The company sketched out the concept in a post on Medium.com today by Jeff Holden, Uber’s chief product officer. It also posted a 97-page white paper detailing the benefits and challenges of creating such a service.
Forget about terrible freeway traffic. If Uber’s idea is realized, some day commuters will summon flying-car-type VTOLs, or Vertical Take-off and Landing vehicles, to ferry them to their destination, avoiding ground-based headaches. The company hasn’t itself perfected the technology, but envisions electric, fixed-wing vehicles with multiple overhead propellers. Ideally, they would take off and land at spaces including existing office building helipads, from atop modified parking garages or even unused available land near highway interchanges to create a network of “vertiports,” according to the company.
“On-demand aviation has the potential to radically improve urban mobility, giving people back time lost in their daily commutes,” Holden said in the post. “A network of small, electric aircraft that take off and land vertically will enable rapid, reliable transportation between suburbs and cities and, ultimately, within cities.”
Unlike helicopters, these vehicles would need to be much quieter and “will ultimately use autonomy technology to significantly reduce operator error,” he said.

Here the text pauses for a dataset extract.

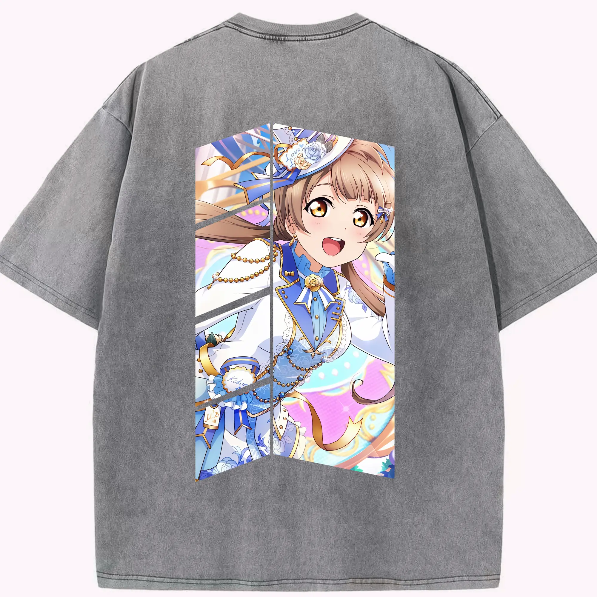 Love Live! グッズ,南ことり - 綿100% ヴィンテージ風 半袖Tシャツ ・ フロントプリント ・ 柔らか肌触り ・ 通気性 快適 ・ スポーツ カジュアル 外出用

In contrast to Musk’s Hyperloop proposal, the technology for an airborne ride-hailing system may not be as challenging as the legal and regulatory issues. In particular, showing that this type of low-flying vehicle can operate safely in urban environments will be tricky, said Katie Thomson, a former general counsel for the U.S. Transportation Department who now chairs the transportation group for Morrison & Foerster LLP.
“The technological aspects of a driverless passenger plane are much easier to tackle than the operational/integration aspects,” Thomson said. “As a general matter, the public is willing to accept less risk when it comes to flying than they tend to be when they are using surface transportation.”
She sees three significant hurdles ahead if Uber moves forward with its on-demand air transportation plan. These include creating a workable air traffic control system and airworthiness standards for such vehicles; managing noise issues; and the need for Uber to meet a federal “economic fitness review” to be authorized to operate as a new air carrier.
Holden acknowledges these and other obstacles ahead, and also notes that Uber has no plan to produce such vehicles itself. Companies including Joby Aviation, Airbus and Zee.Aero, reportedly working with Google co-founder Larry Page on his own flying-car project, are already working on the technology, Uber said.
“Rather than manufacture VTOL hardware ourselves, we instead look to collaborate with vehicle developers, regulators, city and national governments, and other community stakeholders, while bringing to the table a very fertile market of excited consumers and a clear vehicle and operations use case,” he said.
Without question creating such a service, if challenges can be overcome, opens up remarkable possibilities.
“On-demand aviation has the potential to radically improve urban mobility, giving people back time lost in their daily commutes,” Holden said. “Uber is close to the commute pain that citizens in cities around the world feel. We view helping to solve this problem as core to our mission and our commitment to our rider base.”